§ **ACTIVITY**
Starting at the first line of the material below and stopping after the line that includes "Lava Iris 402e", write the lines out again exactly. Drop any pictures.

§ **SOURCE DATA**
※ ※ ※

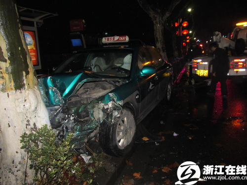 他告诉记者,他和朋友是从上海来杭州旅游的,住在西溪湿地附近。凌晨,一行4人从曙光路附近玩好打车回酒店,在路口突然冲出来一辆宝马,被撞后,失去控制的出租车冲上了绿化带,直到撞上了梧桐树,才停下。
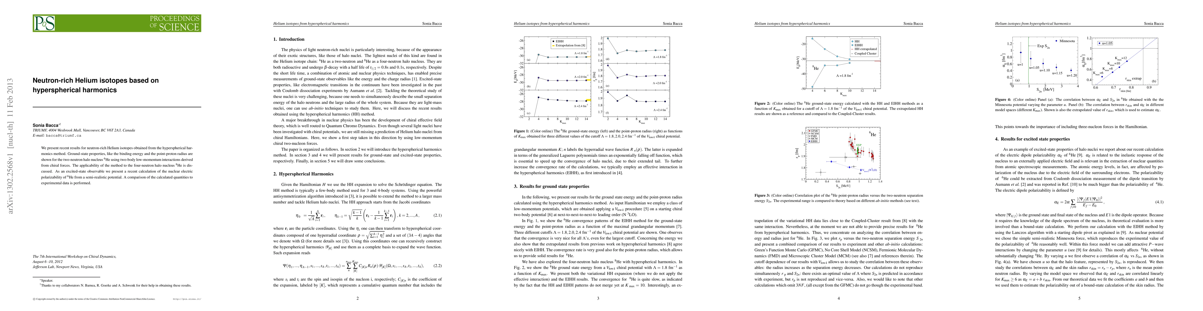 This paper utilizes the hyperspherical harmonics method to study neutron-rich Helium isotopes, specifically calculating ground-state properties for the two-neutron halo nucleus 6He and discussing the method's applicability to 8He. It also presents a calculation of the nuclear electric polarizability of 6He and compares results to experimental data.
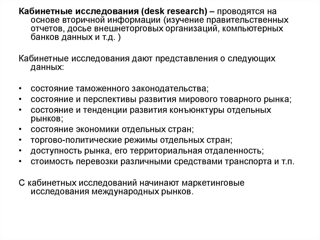 Кабинетные исследования (desk research) – проводятся наоснове вторичной информации (изучение правительственных
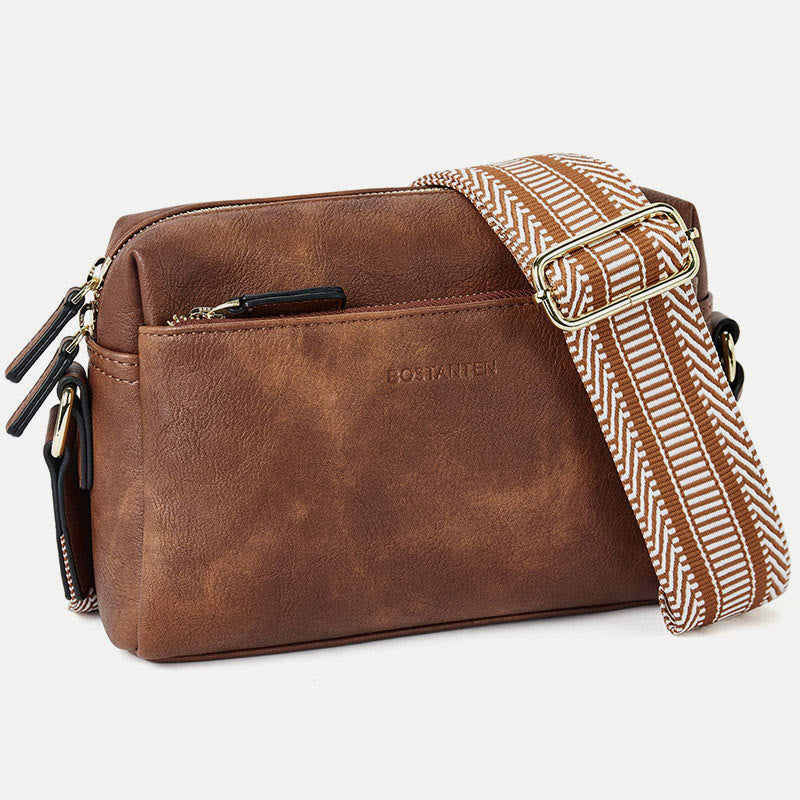 Minimalist Faux Leather Purse Triple Layer Vintage Women Crossbody Bag
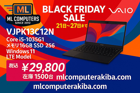 Core i5-1035G1(4コア/8スレッド)を搭載した13.3インチノートPC「VJPK13C12N」の中古品が、ML COMPUTERSの通販サイトで期間限定セール中。セール期間は11月27日(木)まで。
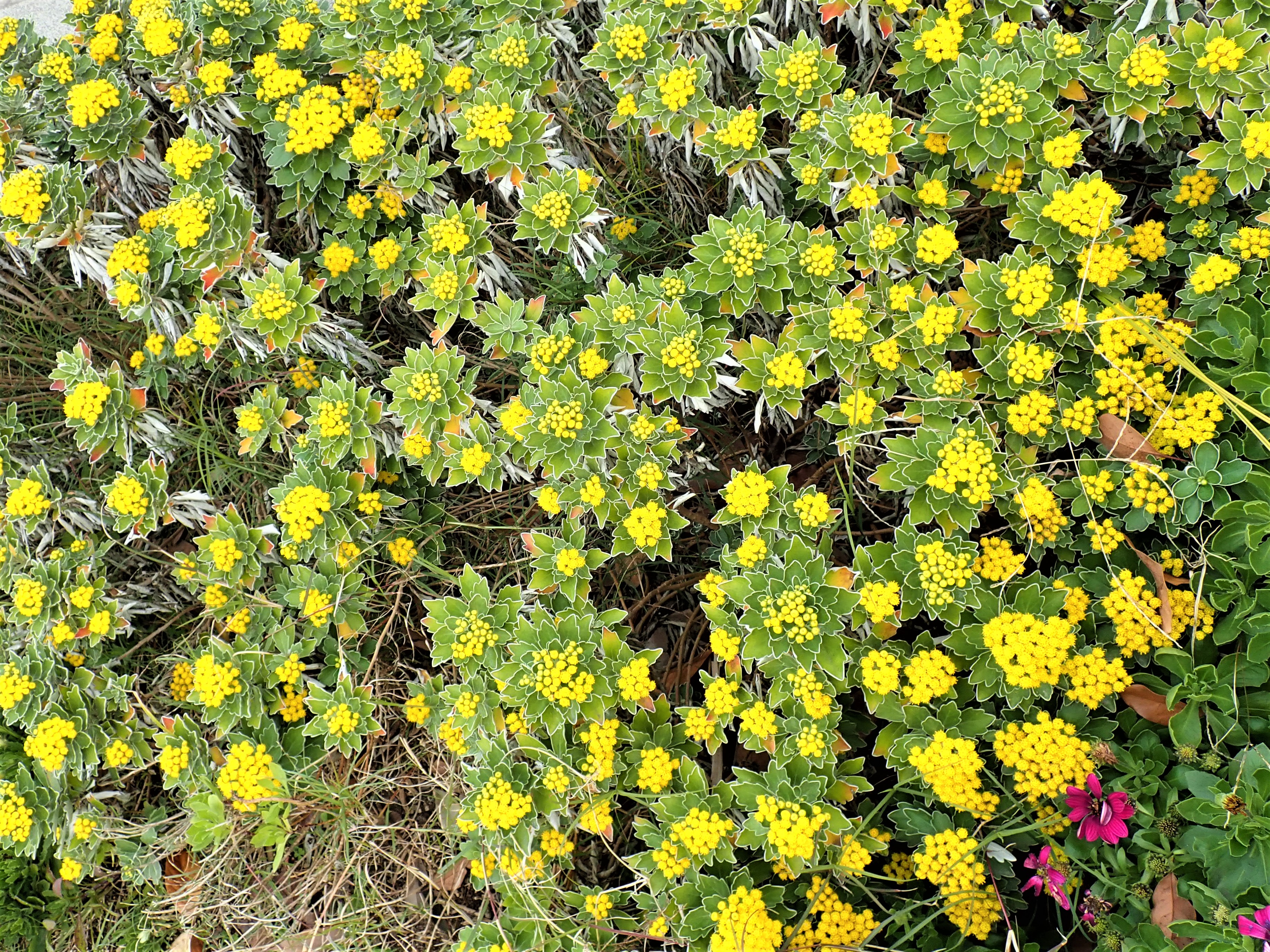 葉裏に多くの毛があり、分厚くなっています。名前の通り、磯の近く、海岸の崖などに自生しています。分厚く、毛の多い葉は海岸の潮風に対応できるよう進化したものと解説されています。近年は庭に植えられたりもしています。
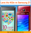 Lava Iris 402e vs Samsung Z1 : Comparison of Features and Specification
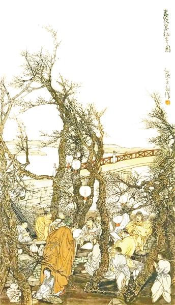 《春夜宴桃李園》 木蘭溪奔流不息,孕育仙游燦爛文明。度尾鎮中岳村,曾走出一位與齊白石并稱“北齊南李”的 畫壇巨匠——李耕。這位集文人畫、職業畫與民間畫特質于一身的藝術大師,用一生筆墨為仙游國畫藝術注入靈魂,更以“李耕畫派”的薪火傳承,在中國畫史上寫下濃墨重彩的篇章—— 今年是李耕誕辰140周年,由縣委宣傳部、縣文旅局主辦,福建博物院、仙游縣博物館、仙游李耕國畫藝術研究院聯合承辦的“一笑娑婆自在天——李耕誕辰140周年紀念展”10月24日在福建博物院啟幕,并將持續至2026年1月3日。展覽中,李耕的《達摩渡江圖》《皆大歡喜圖軸》《東坡笠屐圖軸》《賣炭翁圖軸》等70余件(套)經典佳作悉數亮相,透過這些珍貴的佳作,讓我們共同回望一代大師深厚的藝術造詣與薪火傳承。 1 鄉野筑基 畫壇崛起的傳奇人生 1885年,李耕生于仙游縣度尾鎮一個貧寒的民間繪畫世家,原名李實堅,字硯農,號一琴道人。祖父李泰系與父親李墀的壁畫技藝,是他最早的藝術啟蒙。七歲時,他便能以木炭描摹莆仙戲舞臺人物,筆觸間已見靈性。童年的他隨父奔波于鄉野寺廟,繪制丹青繡像與壁畫,那些穿梭于梁柱間的線條,早已融入他的血脈。 將中國古代典籍的傳統故事轉換為藝術形象,是李耕嘗試繪畫藝術的根基,當地秀才邱明奎、張立夫賞識其才華,授以古典文學與書法,讓他得以在筆墨之外,涵養詩文底蘊。他師法上官周、黃慎等先賢,更遠溯顧愷之、吳道子的藝術精髓,主張“效先賢、嚴法度、堅基礎、師造化、脫窠臼、創新意”,在傳統沃土中汲取養分。 1925年,李耕的《彌勒佛》在東南五省畫展中摘得桂冠,同年他與李霞、陳子奮等創辦福建現代首個藝術團體——龍珠畫社,為閩派藝術播撒火種。1928年中法繪畫聯展上,《東坡笠履圖》《秋雨歸帆》再度奪魁,徐悲鴻在《申報》盛贊:“有以奇拙勝者,首推李君耕,揮毫恣肆,可以追蹤癭瓢,其才則中原所無。”這份贊譽,成為他躋身全國畫壇的重要標志。 新中國成立后,李耕迎來藝術生涯的新高峰。1959年,省政府批準成立“李耕國畫研究所”,他親任導師,培育出蔣金讀、周秀廷等一批名家。1960年,他為人民大會堂國賓廳創作巨屏《松青鶴白東方紅》,筆墨間的雄渾氣象享譽京城。直至 1964年辭世,他始終以筆為刃、以畫為心,將 320幅珍藏作品悉數捐獻給國家,踐行著“畫為人民”的誓言。 2 熔古鑄今 獨樹一幟的繪畫特質 李耕的繪畫藝術,恰似木蘭溪水般兼具靈動與厚重,在題材、筆墨與風格上形成鮮明特色。他擅長古典人物、山水花鳥,兼通金石雕塑,更以詩書畫印的全面修養,成就“國之瑰寶、畫壇之光”的盛譽。 在題材選擇上,李耕始終扎根文化土壤與時代現實。他筆下的仙佛高士如《達摩》《麻姑獻壽》,汲取仙游寺廟壁畫與民俗養分,鮮活靈動;特殊年代里,他以《鐘馗圖》題詩“豹目虎須君莫厭,予今人面更猙獰”,辛辣諷刺時政;用《難民圖》寄托“中原風景不摧殘”的憂思,將藝術與家國命運緊密相連,蘊愛國情懷,這種題材的廣度與深度,讓他的作品兼具審美價值與思想力量。 此外,李耕的《上古神話》《蘇武牧羊》等作品也取材于中國傳統故事。通過這些主題創作,李耕將東方歷史畫敘事傳統與士人精神傳統對接,構建起兼具現代國家意識與傳統倫理價值的表達范式。 在筆墨技法上,李耕達到了“雄健恣肆”與“精妙傳神”的統一。他兼具黃慎的縱逸與吳道子的剛勁,寥寥數筆便能勾勒人物神韻。《東坡笠履圖》中,蘇軾的蓑衣紋理以干筆皴擦,笠帽輪廓用濕墨暈染,干濕濃淡間盡顯人物風骨,將文人畫的雅致與民間畫的質樸完美融合。 李耕善用夸張變形凸顯人物性格,彌勒佛的大腹便便、東方朔的詼諧靈動,皆在比例重構中更顯神韻。他的構圖大膽多變,《十八學士登瀛洲》以錯落有致的人物排布營造空間層次,背景山水則簡筆點染,主次分明間盡顯章法之妙。這種“形神兼備、意趣相生”的創作理念,成為其藝術的鮮明標識。 3 德藝雙馨 光照后世的精神品格 李耕的偉大,不僅在于畫藝精湛,更在于其“畫品即人品”的精神堅守。這位從鄉野走出的大師,始終保持著淳厚質樸的本性,更以強烈的正義感與家國情懷,詮釋著藝術家的擔當。 李耕的清高品格在處世中盡顯。國民黨旅長求畫時,他繪彌勒佛旁孩童戲錢,題詩“皆大歡喜總是錢,莫將錢眼打秋千”,以辛辣筆觸諷刺權貴。而對普通百姓,他卻常??犊洰嫞踔翞樨毢畬W子免費授課??箲饡r期,他接連創作《戚繼光掃倭寇》《花木蘭》等作品,以藝術振奮民心;新中國成立后,他又揮毫繪制《東圳水庫》,謳歌人民改造自然的壯舉,用筆墨書寫時代變遷。 李耕的精神更體現在對藝術傳承的執著。他深知“獨木不成林”,1959年創立國畫研究所后,將畢生技法傾囊相授。弟子周秀廷曾回憶道,先生授課時必講“畫要見心,心要見善”,要求弟子既要練筆墨功夫,更要修品德修為。這種“傳藝先傳德”的教育理念,讓李耕畫派不僅延續著技法血脈,更傳承著精神基因。他生前常說:“藝術當為天地立心,為生民立命”,這份信念貫穿其一生,也成為后世敬仰的精神標桿。 4 尋根立派 仙游畫派的薪火綿延 仙游畫派自明代李在、吳彬開宗,經近代李霞、李耕、黃羲等宗師發揚,形成獨具閩中特色的藝術流派,成為中國畫壇重要的地域符號。其藝術特點鮮明而厚重,技法
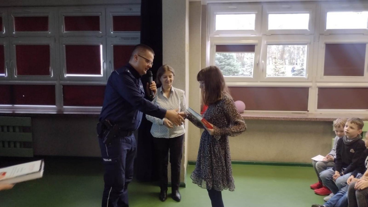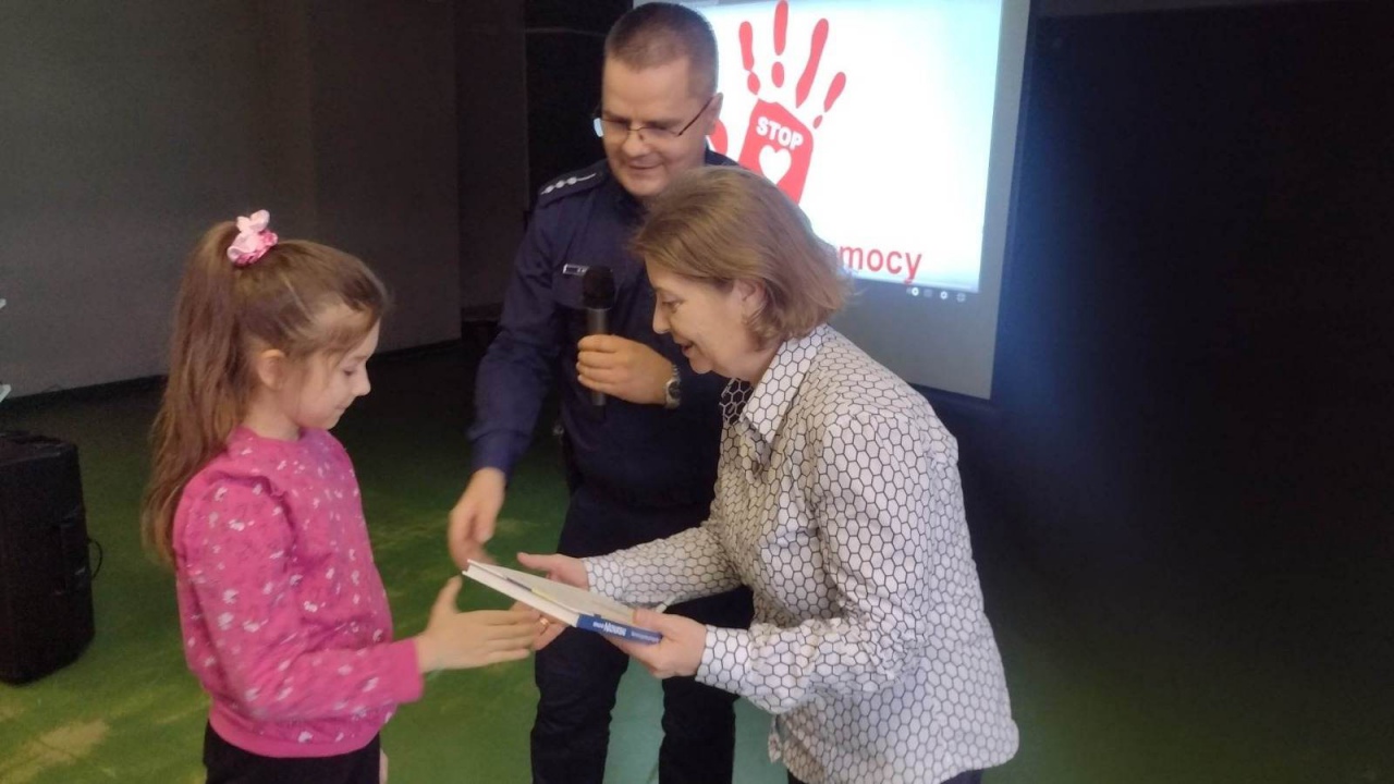Podczas spotkania odbyło się również uroczyste wręczenie dyplomów i nagród książkowych laureatom szkolnego konkursu "Stop Przemocy i Agresji w Szkole", którego dokonała wicedyrektor Hanna Kolbus wraz z st. asp. Krzysztofem Kolatorem.
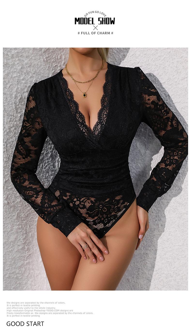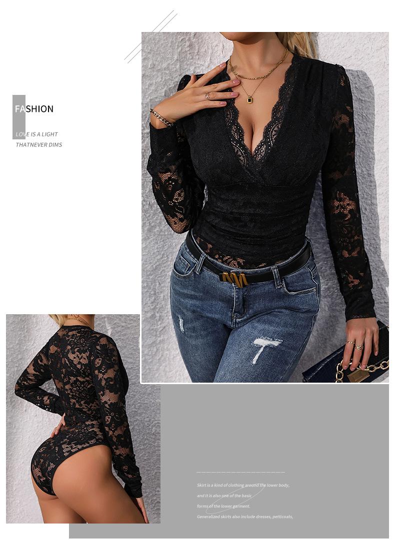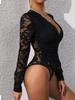 Mono Estilo Temperamento con Encaje Patchwork Primavera/Verano 2024 temu Amazon Bestseller Cuello en V Color Sólido Una Pieza
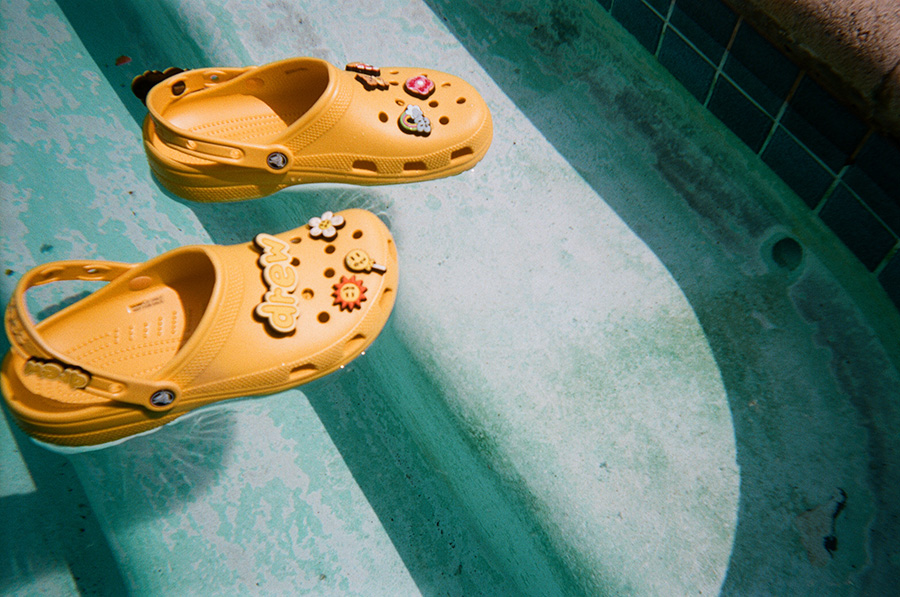 此前他在自己的 Instagram 上释出了预告图片,以漂浮在水池水面上的一对黄色 Crocs,宣告了与这个洞洞鞋品牌的联名合作。
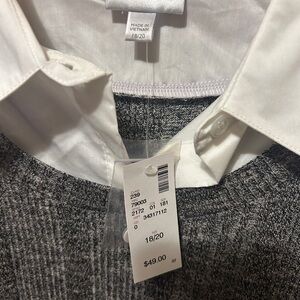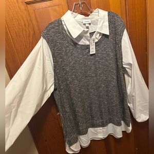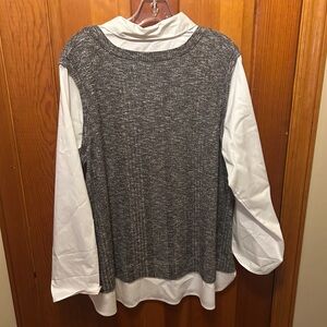Avenue sweater vest and blouse combo. Vest has a faux button down shirt collar, sleeves and shirttails attached. Tab rolled sleeves. Plus Size 18/20. Still has tags, never worn. I also have this listed in size 14/16

※ ※ ※

§ **EXERCISE ANSWER**
 他告诉记者,他和朋友是从上海来杭州旅游的,住在西溪湿地附近。凌晨,一行4人从曙光路附近玩好打车回酒店,在路口突然冲出来一辆宝马,被撞后,失去控制的出租车冲上了绿化带,直到撞上了梧桐树,才停下。
 This paper utilizes the hyperspherical harmonics method to study neutron-rich Helium isotopes, specifically calculating ground-state properties for the two-neutron halo nucleus 6He and discussing the method's applicability to 8He. It also presents a calculation of the nuclear electric polarizability of 6He and compares results to experimental data.
 Кабинетные исследования (desk research) – проводятся наоснове вторичной информации (изучение правительственных
 Minimalist Faux Leather Purse Triple Layer Vintage Women Crossbody Bag
 Core i5-1035G1(4コア/8スレッド)を搭載した13.3インチノートPC「VJPK13C12N」の中古品が、ML COMPUTERSの通販サイトで期間限定セール中。セール期間は11月27日(木)まで。
 葉裏に多くの毛があり、分厚くなっています。名前の通り、磯の近く、海岸の崖などに自生しています。分厚く、毛の多い葉は海岸の潮風に対応できるよう進化したものと解説されています。近年は庭に植えられたりもしています。
 Lava Iris 402e vs Samsung Z1 : Comparison of Features and Specification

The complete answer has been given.